You Have Another Parent (that guy in the recliner lives here, too)

FYI...my posts may contain affiliate links. This means that if you click on those links and make a purchase, I will receive a small commission at no cost to you. And those commissions are what makes it possible for me to blog. Thank you!

I have come to realize that my family would fall apart if I were not around. Especially my kids. They have yet to realize that they do indeed have another parent. My daughter will literally walk past her father to ask me (on my hands and knees scrubbing the toilet) to pour her a drink. My son will ignore the man who is four feet from him and scream my name across the house for help with his homework.

They seem to have forgotten that he can do nearly everything I can (even though I undoubtedly do it BETTER).

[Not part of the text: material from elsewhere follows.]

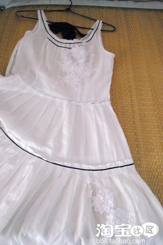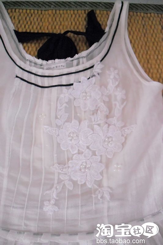 于是,有了自己改造版,仅此一件的歌莉娅。。。发挥了一下自己的创意 呵呵 。用了蕾丝和珍珠贴片,一针一针缝上去了 。

Yes, that man in the arm chair can also help you tie your shoes or make you a sandwich. And they most certainly can be the parent you go to when YOUR OTHER PARENT IS SLEEPING!

Case in point, last night I discovered that I had a cluster of mosquito bites on my foot (or poison ivy, according to Dr. Husband) and it itched like a bitch. After nearly scratching my foot raw, I decided to take some Benedryl.

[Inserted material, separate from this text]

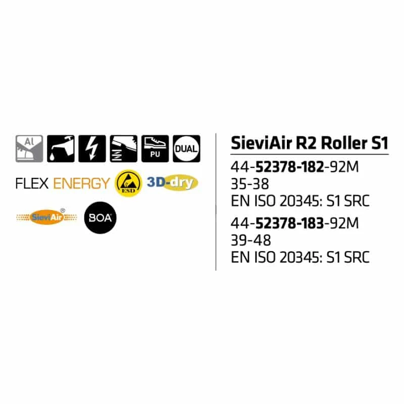 Sievi Air R2 Roller S1 turvakenkä BOA®-kiinnityksellä on kevyt ja hyvin hengittävä. Kenkä on valmistettu kestävästä ja hengittävästä mikrokuidusta. Turvakenkä on varustettu alumiinivarvassuojalla. Jalat pysyvät kuivina hengittävän 3D-dry vuoren ja SieviAir®-pohjaratkaisun ansiosta. Sievin patentoima SieviAir®-pohjaratkaisu toimii suodattimella, joka sijaitsee rei’itetyn sisäpohjan alla. Jokaisen askeleen yhteydessä suodatin painuu, ja lämmin kosteus, joka syntyy kengissä, virtaa ulos pohjan uloshengityskanavien kautta.
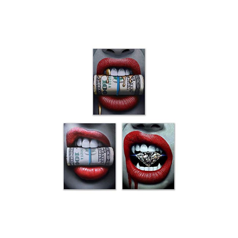Red Lips Photos- Set of 3 (11 inches x 14 inches) Poster Prints - Diamond Money Gold

Now, Benedryl makes me VERY sleepy (like I can’t keep my eyes open without toothpicks kinda sleepy) and I wouldn’t have taken it if it wasn’t after 10:30 and both kids were supposed to be asleep.

The key words here are “supposed to be”. Because shortly after I tossed that sweet pink liquid back, I discovered that they were both wide awake in their rooms.

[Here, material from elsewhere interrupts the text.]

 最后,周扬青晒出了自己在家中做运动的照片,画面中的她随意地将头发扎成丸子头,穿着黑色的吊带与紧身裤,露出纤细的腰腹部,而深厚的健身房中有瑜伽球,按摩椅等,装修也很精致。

Too late to do anything about my sleepy juice that was already coursing through my veins, I snatched all the electronics that they were hoarding and ordered them to go to sleep, NOW. I sounded like a novice mother saying that because telling a kid to go to sleep is like telling a dog with fleas to stop scratching. Ain’t gonna happen. In fact, in some twisted way, I think it actually prevents them from sleeping.

After announcing to my husband that I was going to sleep and watching him roll his eyes because going to bed before midnight is juvenile to him, I slipped between the covers in medicated bliss. For about 11 1/2 minutes. Just long enough to feel completely alarmed when I was shaken awake by a small, sobbing child.

“Mommy!” small, sobbing child wailed.

Who is she talking to? I don’t know this Mommy person. What day is it? What time is it? Who am I by the way?

“Mommy!” the kid repeated, this time in even higher pitched tones.

“Huh? What?” I mumbled. My mouth wasn’t working right. I sounded like I had a mouthful of marbles. And what the hell? Is this drool on the pillow? Why am I drooling???

“I had a nightmare, Mommy and I can’t sleep,” small child told me.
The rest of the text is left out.